◆ EXERCISE ◆
From the line with "- バストの丸みを潰さずフィ" through the line with "[경기남부뉴스 김혜숙 기자]", inclusive, return each line of the data below exactly and leave the rest out.

◆ DATA TO PROCESS ◆
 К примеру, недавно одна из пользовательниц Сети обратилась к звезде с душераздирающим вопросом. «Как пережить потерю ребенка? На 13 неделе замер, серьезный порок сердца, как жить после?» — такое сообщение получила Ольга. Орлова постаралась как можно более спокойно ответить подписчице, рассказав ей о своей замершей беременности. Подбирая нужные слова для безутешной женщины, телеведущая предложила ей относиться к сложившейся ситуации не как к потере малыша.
---
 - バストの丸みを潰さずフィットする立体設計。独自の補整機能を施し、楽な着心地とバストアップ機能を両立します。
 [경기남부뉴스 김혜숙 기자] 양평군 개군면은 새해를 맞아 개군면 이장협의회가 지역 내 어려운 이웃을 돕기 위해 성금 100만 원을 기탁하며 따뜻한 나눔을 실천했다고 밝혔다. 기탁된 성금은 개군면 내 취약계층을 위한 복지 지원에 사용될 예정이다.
==
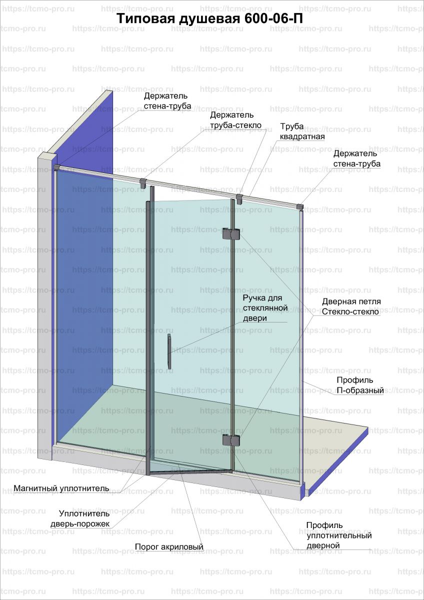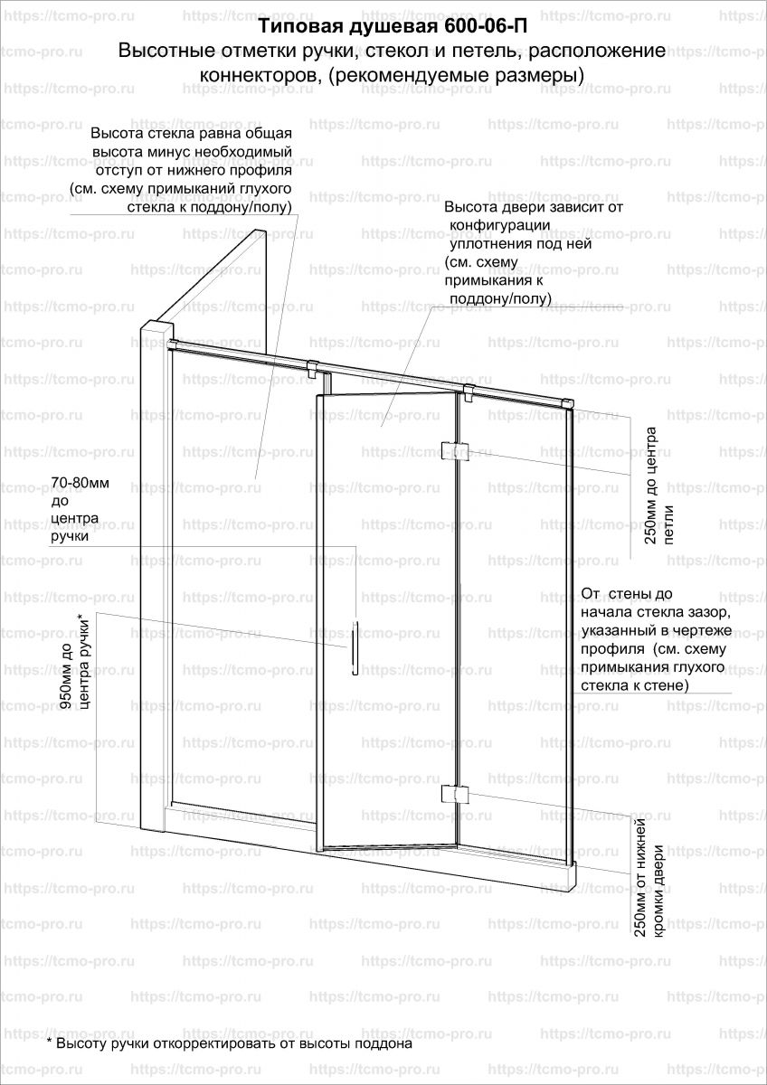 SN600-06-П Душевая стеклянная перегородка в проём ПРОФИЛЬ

◆ RESPONSE TO THE TASK ◆
 - バストの丸みを潰さずフィットする立体設計。独自の補整機能を施し、楽な着心地とバストアップ機能を両立します。
 [경기남부뉴스 김혜숙 기자] 양평군 개군면은 새해를 맞아 개군면 이장협의회가 지역 내 어려운 이웃을 돕기 위해 성금 100만 원을 기탁하며 따뜻한 나눔을 실천했다고 밝혔다. 기탁된 성금은 개군면 내 취약계층을 위한 복지 지원에 사용될 예정이다.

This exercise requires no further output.